As stated by the Ninth Circuit Court of Appeals in General Atomic Co. v. United Nuclear Corp., 655 F.2d at 970,

[c]ourts are in agreement that the Arbitration Act itself is not a grant of jurisdiction. Section 9 is potentially inconsistent with this view because on its face it could be read as granting the district court jurisdiction of an application to confirm an award. On the otherhand, Section 9 does not contain language common to jurisdictional grants, and to require independent jurisdictional grounds under other sections and not under Section 9 renders the Act a `patchwork of individual statutes bereft of any coherent plan.' Thus, the provisions of the Act apply to actions which have an independent jurisdictional basis. 13 C. Wright, A. Miller E. Cooper, Federal Practice and Procedure, Section 3569, 467-470 (1975).

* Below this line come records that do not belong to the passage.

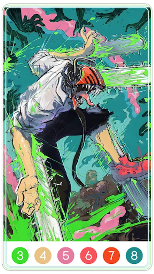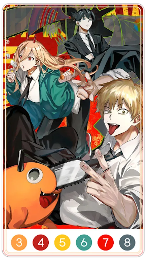 Download our Chainsaw Man Color by Number Adult Coloring Book app right now and paint by number beautiful Chainsaw Man coloring book with pleasure!
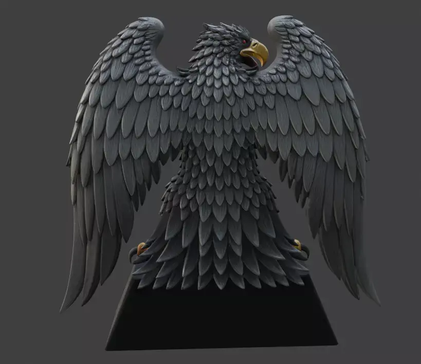 This striking 3D model features a menacing eagle with outstretched wings, clutching a shield adorned with a bold red symbol. The eagle's fierce expression, detailed feathers, and glowing red eyes are complemented by a sturdy base marked with a prominent red H. Perfect for Halloween-themed decorations or fantasy art projects, this model combines gothic elegance with a touch of horror.
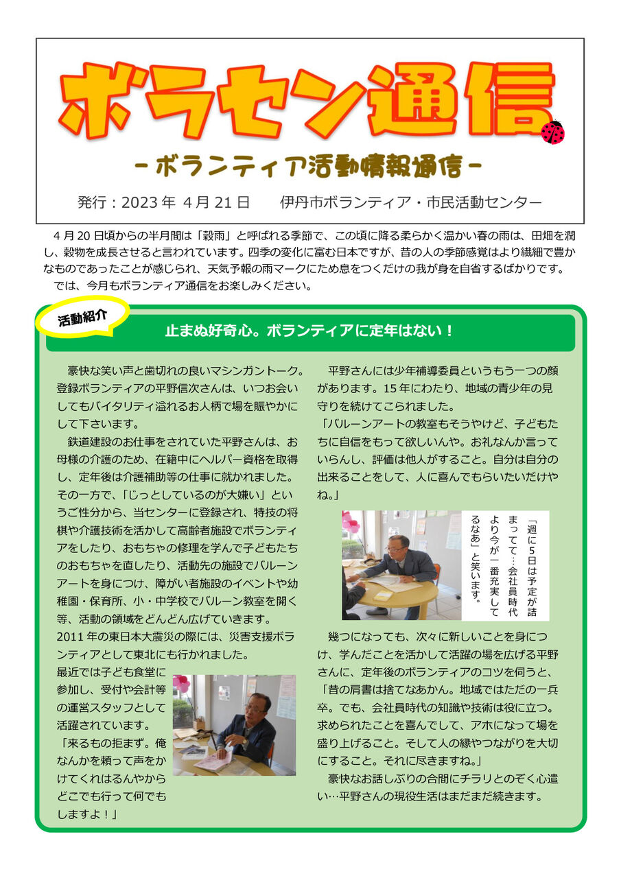 【問合せ】 ボランティア・市民活動センター 昆陽池分室
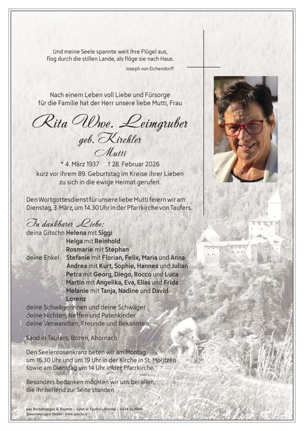 Eine liebe Frau, die immer lieb und gutmütig im Ausdruck war, ist heimgegangen. Gerne erinnere ich mich an die Kindertage, wo wir liebe Worte und nette Gesten, eine Gesichtscreme oder manchmal auch eine Süßigkeit bekamen, wenn wir Kinder vom Oberpurstein ab der Feuerschwende mit Helene, Helga und Rosmarie alle zusammen den Schulweg gingen. Liebe Rita, das schönste Platzl im Himmel neben deinem geliebten Lois, soll für dich bereitstehen. Herzliches Beileid allen, die um Rita trauern.

Public Law 100-702 Section 201 raised the jurisdictional limits set forth in 28 U.S. C.A. Section 1332 to $50,000.00, effective for all civil actions commenced after May 18, 1989. Plaintiff instituted the above-styled cause on May 25, 1989. Thus, diversity jurisdiction is not present in the instant case, as Plaintiff has failed to allege damages in excess of $50,000, the jurisdictional amount required. As Plaintiff has failed to allege independent grounds to justify an exercise of federal jurisdiction, the above-styled cause must be dismissed for lack of subject matter jurisdiction. Accordingly, it is hereby

ORDERED AND ADJUDGED that Claimant's, QUICK & REILLY, INC., Petition to Confirm Arbitration Award and Enforce Judgment Consistent Therewith is DENIED. It is further ORDERED AND ADJUDGED that Respondent's Motion to Dismiss for lack of subject matter jurisdiction is GRANTED. Accordingly, this action is DISMISSED WITHOUT LEAVE TO AMEND. This Order, however, is without prejudice as to an action filed in state court, and thus, Claimant is free to pursue a remedy in that forum.

DONE AND ORDERED.

NOTES

[1] Paragraph 13 of the Option Agreement provides:

I understand that I have the right to have any dispute between us arising under the federal securities laws resolved through litigation in the courts. In lieu of using the courts, we may agree, after any such dispute has arisen, to settle it by arbitration before an appropriate tribunal. However, I understand that any other dispute between us arising out of any option transaction or this Agreement shall be settled by arbitration before the New York Stock Exchange, Inc., which must be commenced by a written notice of intention to arbitrate. Judgment upon an award rendered may be entered in any appropriate court.

The Margin Agreement contains substantially similar language.